在气氛进一步暧昧前, 程砚南终于有所动作了。
他站起来, 拿起茶几上透明的玻璃杯喝了口水, 然后问:
“下个月生日有想要的礼物么?”
听到这个问题,盛枳逐渐清醒过来。
她摇了摇头,甩掉脑子里那些荒谬的想法,答了句。
“都行。”
“都行么。”
程砚南重复了一遍, 笑着反问:
“我送的你都喜欢?”
迎上程砚南淡淡的笑容, 盛枳别开眼,点头嗯了一声。
余光中, 程砚南只是笑了笑,什么也没说,低头收拾起创口贴的垃圾。
安静了几秒, 盛枳的目光再次不由自主地落在程砚南身上。
她垂眼, 望向程砚南左手无名指上的戒指,再看了看自己手上的戒指。
这会,所有的不真实感一刹那褪去,盛枳才恍然意识到——
自己真的要跟程砚南结婚了。
现在想来,回潭州这段时间发生的事情好像一场梦。
就因为双方家庭催婚的原因,于是他们两个二十多岁的成年人,在没有任何感情基础的情况下,一拍即合,匆匆忙忙便打算结婚组建家庭。
盛枳眨了眨眼, 心里没由来的一阵慌。
这股心慌说不清也道不明, 在害怕自己会心动?
还是在害怕被感情束缚?
盛枳不知道。
也说不清楚到底在慌什么。
她只知道这种感觉糟糕透了, 让她莫名升起一股临阵脱逃的想法。
“有事要说?”
见盛枳一直盯着自己看,原本打算去洗澡的程砚南停下了脚步。
盛枳回过神,下意识地摇头,“没有。”
程砚南笑了起来,“那你一直盯着我。”
闻言,盛枳尴尬地扯了扯唇,接受到程砚南注视的眼神,她不自然地转移了话题。
“你以前怼过季怡然吗?”
没想到盛枳话题转移地如此快,程砚南面上一怔,随即思考片刻后摇了摇头。
“果然,我就说嘛。”
听到这句话,程砚南抬眼看向盛枳。
他看见盛枳撇了撇唇,小脸上写满了不高兴。
“程砚南,有句话你有没有听说过?人善被人欺,马善被人骑,季怡然今天能这么嚣张,都是你的功劳。”
程砚南沉默着,没说话。
他抿了抿唇,心底十分认同盛枳的话。
毕竟她说的确实没错,一味地退让确实只会让对方更加得寸进尺。
可……
程砚南皱起眉,如果季怡然是他亲姑姑,或许一切都会简单很多。
这也就是为什么许多事情季子越做没怎么样,但换成他意义就完全不同。
一切都是血缘关系的原因。
他始终姓程,跟季家没有半毛钱关系。
而季子越不同,关起门来还是一家人的事情。
盛枳看见程砚南一直没回话,也想到了他的难处。
她微叹口气,反正程砚南从来都是这样,考虑到君蔓阿姨,考虑到季叔叔,就是没考虑到自己。
能怼回去才奇了怪了……
不知是想到了什么,盛枳表情放松下来。
她站起来,走到程砚南身边,伸出手拍了拍他的肩。
“行吧没事,以后我帮你怼就行。
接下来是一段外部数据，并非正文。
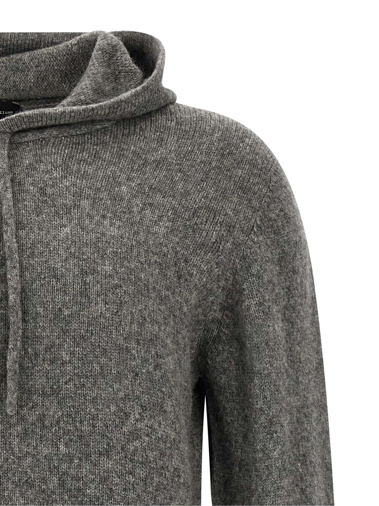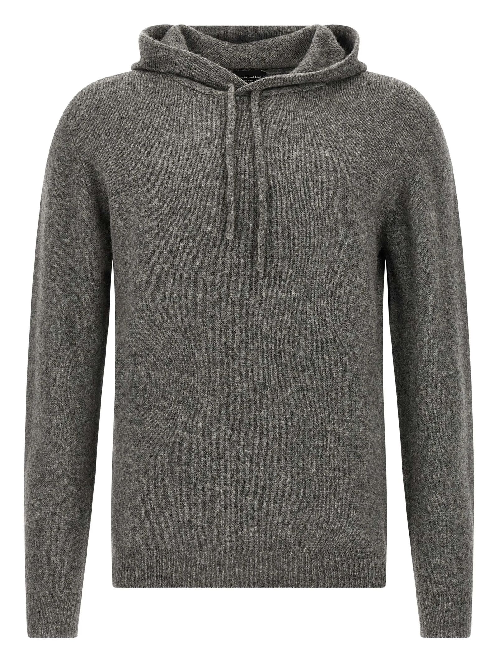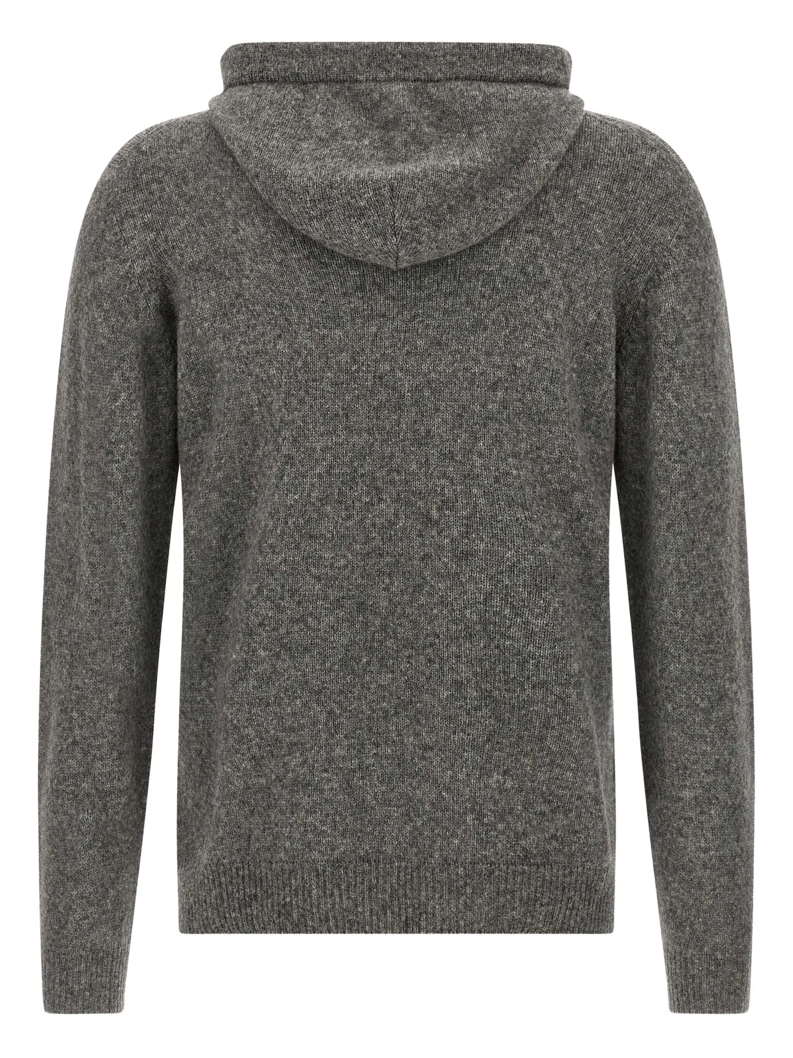 Grey virgin wool and camel hooded sweater, hooded neckline, long sleeves, cuffed sleeves, ribbed hem, wool blend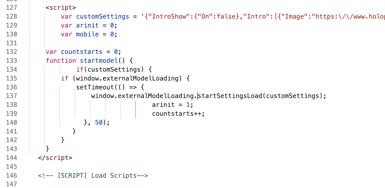 Also: if this code runs before you scene has been setup and components become active which it looks like it easily could do then it would explain the missing model. In that case you should run your code from a needle engine lifecycle hook to make sure the scene is read (e.g. onStart((context) =>{ ... }) which runs at the beginning of the first frame after you call onStart. You can then remove the 50ms setTimeout call completely and be sure the 3d context is ready).

”
说着,盛枳还扬起一个明媚的笑脸,“纯当练口才咯。”
反正在长辈眼里她性格就这样了,当众跟季怡然掐起来都不奇怪。
程砚南不怼就换她来呗,还能怎么样。
迎上盛枳干净纯粹的笑容,程砚南抿起唇。
刚想说些什么,盛枳却打了个哈欠,挥挥手走了。
“困死了,我卸妆洗澡去啦。”
“……”
-
盛枳原本以为,她很快就会跟程砚南领证拍婚纱照结婚。
但之后连着几天,程砚南每天都工作到比较晚才回家。
甚至有的时候夜班、急会诊,他晚上都不回来。
她也是跟程砚南住一起后,才知道他的工作不止拔牙这么简单。
有时什么车祸中颌面部的贯穿伤,面瘫,三叉神经痛,包括肿瘤等等,都是他们颌面外科需要负责的。
程砚南的性格又摆在那,他对待什么都有股认真劲。
所以尽管偶尔他下班得早,也是在书房里不断学习。
有时候盛枳甚至很佩服程砚南,毕竟他可以一天不吃饭,但不能一天不学习。
现在想想,这可能就是他为什么能这么出色的原因吧。
盛枳看着手机微信上程砚南回的那句“不回家吃饭”,撇了撇唇。
她要是也像程砚南一样,做什么都认真,也不至于现在是这个样子。
怎么说也成大触了吧……
算了。
盛枳轻叹口气,她靠在抱枕上,调整了一个舒服的姿势,继续追番。
努力太累了,还是老老实实躺着吧。
傍晚五点多,窗外晚霞西沉。
大片的橘黄色暖光洒进屋内,投在地板上。
画完《有神》之后,盛枳算是解决了一大心理负担。
这会边吃水果边追番,生活不要太惬意,心情也高兴起来。
吃饱喝足,盛枳摸了摸肚皮,往沙发上一趟。
但追着追着她便睡着了,等再次醒来时,已经是晚上八点半了。
盛枳揉了揉发酸的脖子,看着还在继续放映的动漫,再看了一圈空落落黑暗的客厅,傻愣愣地眨了眨眼。
不知道是不是这段时间跟程砚南住在一起的原因。
盛枳早已习惯中晚餐跟他一起吃。
这突然猛地醒来,在安静昏暗的环境下,她竟然有种被全世界遗忘的感觉。
想到这,盛枳轻啧了一声。
她皱起眉,表情有些一言难尽。
之前在蓟城那几年,忙完工作一觉睡醒后她也只觉得浑身舒适呀。
什么时候这么矫情了……
就在盛枳愁眉苦脸时,玄关处传来一阵开门声。
她抬眼望去,果不其然看到了程砚南。
见盛枳从坐在沙发上发呆,程砚南丝毫没感到意外。
他边换鞋边说道:“还没醒?”
“醒了。”盛枳刚睡醒,声音还有些沙哑。
程砚南看了眼头发乱糟糟的盛枳,无奈地弯唇一笑。
“醒了就洗手吃饭。”
闻言,盛枳表情一愣,这才注意到他手上提着一份东西。
隔了些距离,她不是很能看清楚,但也能知道是吃的。
于是忍不住嘀咕了一句:“你给家里安摄像头了吗?”
程砚南面上一怔,随即反应过来盛枳的意思了。
“要不然你怎么知道我在家睡觉没吃饭。”
盛枳穿上鞋子,在程砚南面前站定,然后抬起下巴指了指他手上的吃的。
“你这预判是不是有点过于准了,上次也是这样,万一我就没在家呢。”
程砚南抿了抿唇,无所谓道:“夜宵也行。”
“?”盛枳不敢相信地抬眼。
好家伙,她是属猪的嘛?还能每天都吃夜宵不成。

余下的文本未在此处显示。